(Given information):
● ● ● ● ●
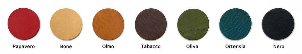 Red(Papavero), Beige(Bone), Orange Brown(Olmo), D/Brown(Tabacco), Olive(Oliva), Blue Green(Ortensia), Black(Nero)
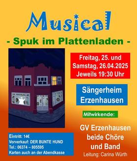 Große Ereignisse werfen ihre Schatten voraus: Im Frühjahr führt der GV Erzenhausen sein erstes Musical auf. Das Stück aus der Feder von Ralf Schön präsentieren wir am Fr, 25. und Sa, 26. April im Sängerheim Erzenhausen, Beginn jeweils um 19:30.
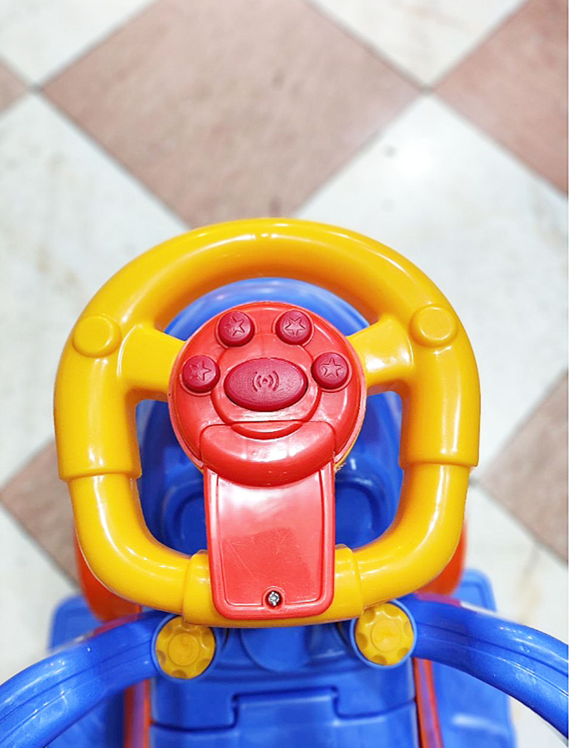 دارای یک صفحهی موزیکال روی فرمان با قابلیت پخش صدای بوق و چهار دکمه جهت پخش ملودی کودکانه
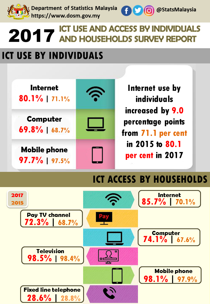 In 2017, percentage of individuals in Malaysia aged 15 years and above using Internet was 80.1 per cent, increased by 9.0 percentage points compared to 71.1 per cent in 2015. Percentage of individuals using computer also increased 1.1 percentage points from 68.7 per cent in 2015 to 69.8 per cent in 2017. Meanwhile, 97.7 per cent of individuals were using mobile phones in 2017 compared to 97.5 per cent in 2015.
● ● ● ● ●
(Your assignment): Give back the listing unchanged. Strip out the pictures.

(Solution to the problem):
 Red(Papavero), Beige(Bone), Orange Brown(Olmo), D/Brown(Tabacco), Olive(Oliva), Blue Green(Ortensia), Black(Nero)
 Große Ereignisse werfen ihre Schatten voraus: Im Frühjahr führt der GV Erzenhausen sein erstes Musical auf. Das Stück aus der Feder von Ralf Schön präsentieren wir am Fr, 25. und Sa, 26. April im Sängerheim Erzenhausen, Beginn jeweils um 19:30.
 دارای یک صفحهی موزیکال روی فرمان با قابلیت پخش صدای بوق و چهار دکمه جهت پخش ملودی کودکانه
 In 2017, percentage of individuals in Malaysia aged 15 years and above using Internet was 80.1 per cent, increased by 9.0 percentage points compared to 71.1 per cent in 2015. Percentage of individuals using computer also increased 1.1 percentage points from 68.7 per cent in 2015 to 69.8 per cent in 2017. Meanwhile, 97.7 per cent of individuals were using mobile phones in 2017 compared to 97.5 per cent in 2015.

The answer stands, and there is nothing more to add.